A lot of people have need of means to manipulate and chart data. Some of them are professionals from various fields, some of them are students, some of them are users of computers who have outgrown the meager capabilities of Excel or OpenOffice's Calc, or simply can't stand the spreadsheet model any longer. R is a good solution to these needs.
Recognize that R is not just a programming language, not in the sense of Python or Ruby or C. It is a universe. In addition to the capability in the base language, the availability of hundreds of sophisticated packages extends its capability to all kinds of terrains, from the traditional and statistical, to GIS, spatial, image-based, and nearly research edges. Mastery of those packages would take a lifetime. There are new ones every month.
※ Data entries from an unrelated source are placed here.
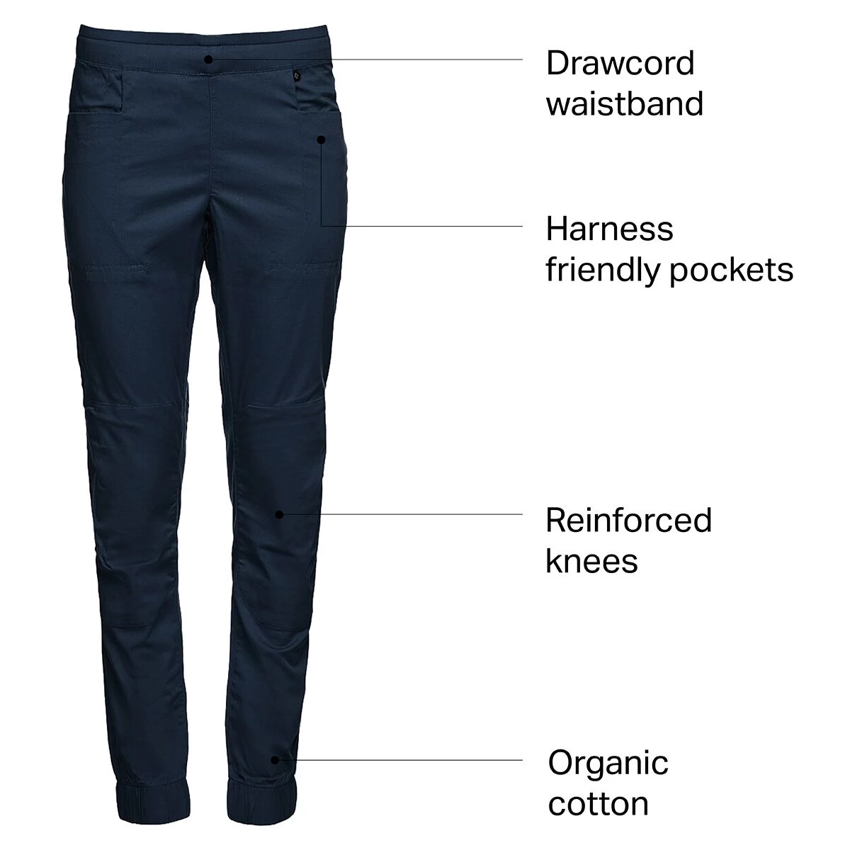 Make your back-flags seamless with the Black Diamond Notion SP-an organic cotton pant with just enough stretch for bouldering and sport climbing. On more technical climbs, the elastic cuffs keep pant legs secure around the ankle to hone in on knobby granite footholds and reinforced knees protect your skin from cheese-grater rock on less-than-graceful sequences. Once you’ve reached the chains and lowered, the comfort on the wall is matched on the groundβthe Notion SP will make you feel like you’re lounging in sweatpants between burns.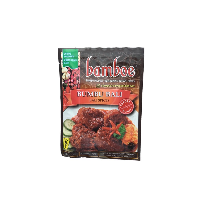 Bumbu Bali - La Préparation d'épices balinaises vous permettra de cuisiner un plat savoureux de bœuf, de volaille, d'oeuf, de poisson. Il est adaptable en plat végétarien avec du tofu et/ou de la pomme de terre. Les ingrédients sont cuits dans le mélange d'épices et avec de la tomate hachée jusqu'à ce que la sauce réduise. A consommer accompagné de riz.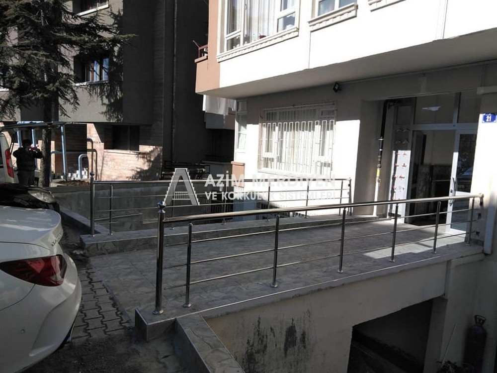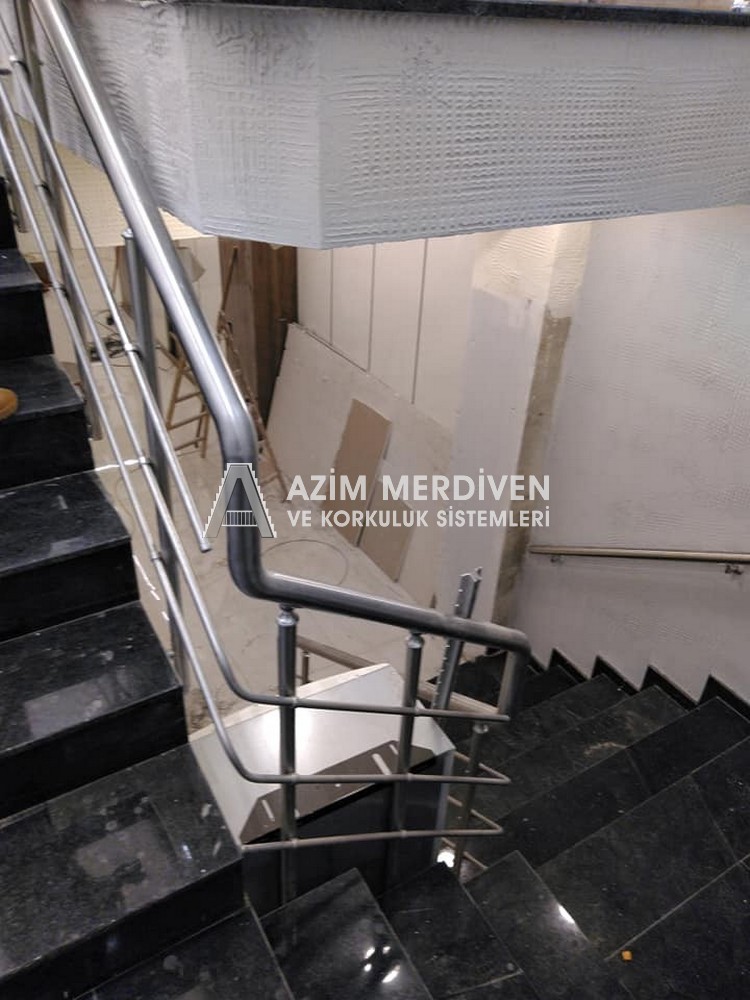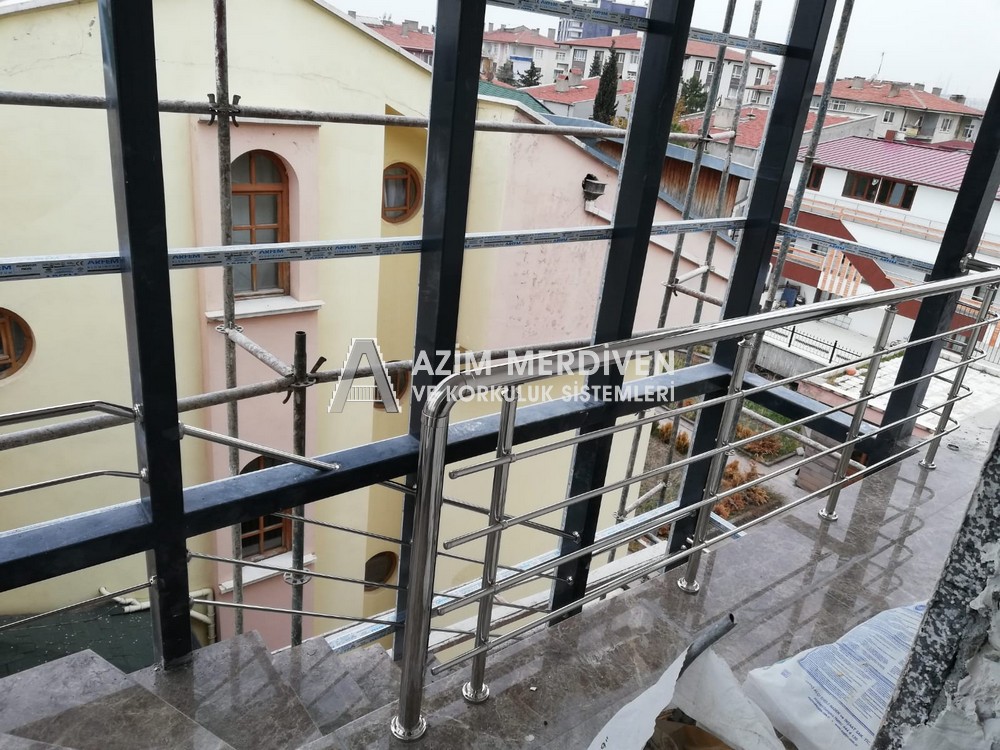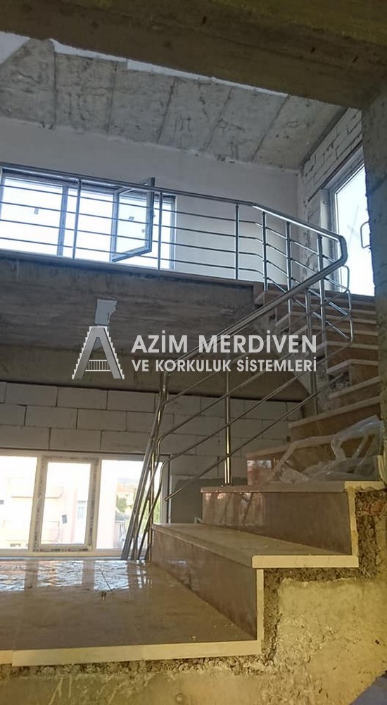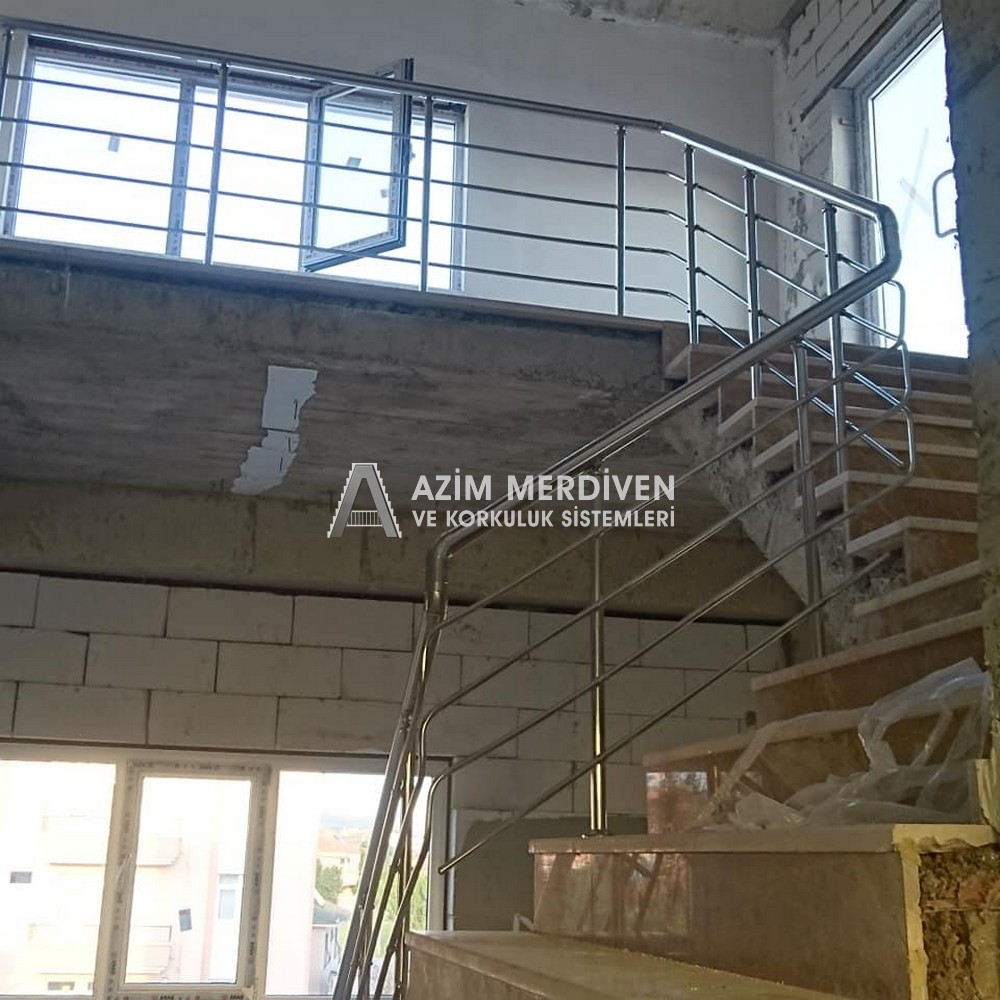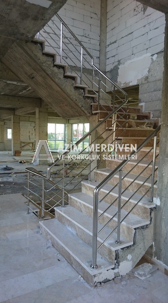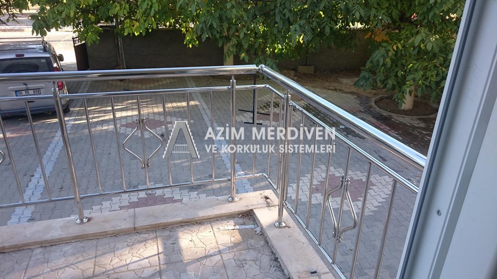 Paslanmaz çelik korkuluklar herhangi bir bakım, onarım, boya, tadilat gerektirmediğinden en çok tercih edilen korkuluklardan biridir. Steril ve çok sağlamdır. Korozyon ve pas yapmaz temizliği kolaydır. Özellikle spiral merdivenlerde ekonomik ve yapımı kolay olduğundan dolayı tercih edilir. Üzerinde tasarım modelleme yapılıp çeşitlilik kazandırılabilir. Camla, ahşapla, çelikle kombine edilip değişik tasarımlar elde edinebilinir.
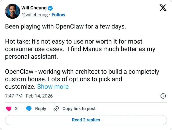 过去一个月,我一直生活在 OpenClaw 生态系统中。像你们许多身处创业和开发领域的人一样,我很早就加入了 OpenClaw 并开始 tinkering。它感觉像是未来:一个本地优先、开源的助手,全天候运行,接入我的 Slack,还能无限定制来管理我的社交媒体。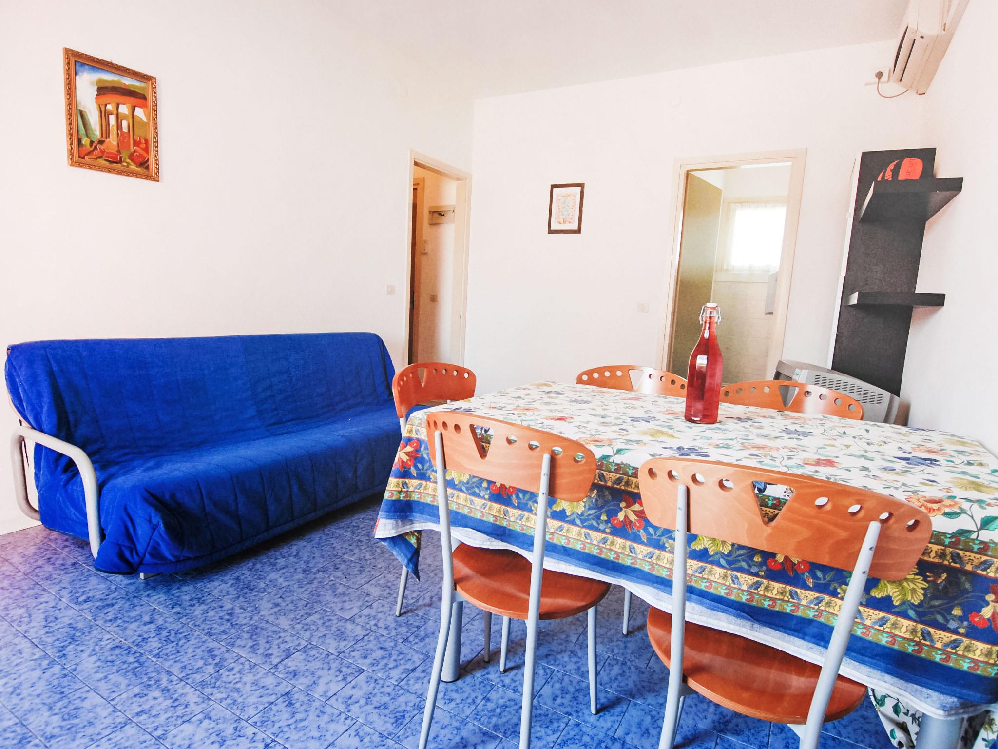 3-Zimmer-Wohnung 57 m2. Hell, einfach und komfortabel eingerichtet: Wohn-/Schlafzimmer mit 1 Doppeldiwanbett, Esstisch und TV. 1 Zimmer mit 1 Doppelbett. 1 Zimmer mit 2 Betten. Kleine Küche). Dusche/Bidet/WC. Klimaanlage, Warmluftheizung. Maximal 1 Haustier/Hund erlaubt. IT027034B4U84R9HFU

But these packages are not what the average user needs or wants. What the average user needs or wants is a gentle introduction, how to install R, how to use it for common things, getting data in and out, some graphs, some basic statistical notions. Alas, until recently, most R books were sophisticated presentations, ones giving terse, in depth illustrations of R's uses for statistics and analysis. It was difficult to find discussions on the core language, and most of those went back to S+, and Chambers. Admittedly, there are detailed discussions of these as PDF documents with installations, but these may not be reachable by the casual user.
Fortunately, today we have at one end of the beginners' path, the Venables and Smith AN INTRODUCTION TO R. That text is also available online, and was part of some installations of R, at least on Windows. At the other end of the beginners' path is Rizzo's STATISTICAL COMPUTING WITH R, a book on introductory statistics using R for illustration. And, in the middle of the path, there's this text, Braun and Murdoch's A FIRST COURSE. It's fine. It won't let you down. You won't learn how to do projection pursuit regression with R from it. But, then, many people don't need that.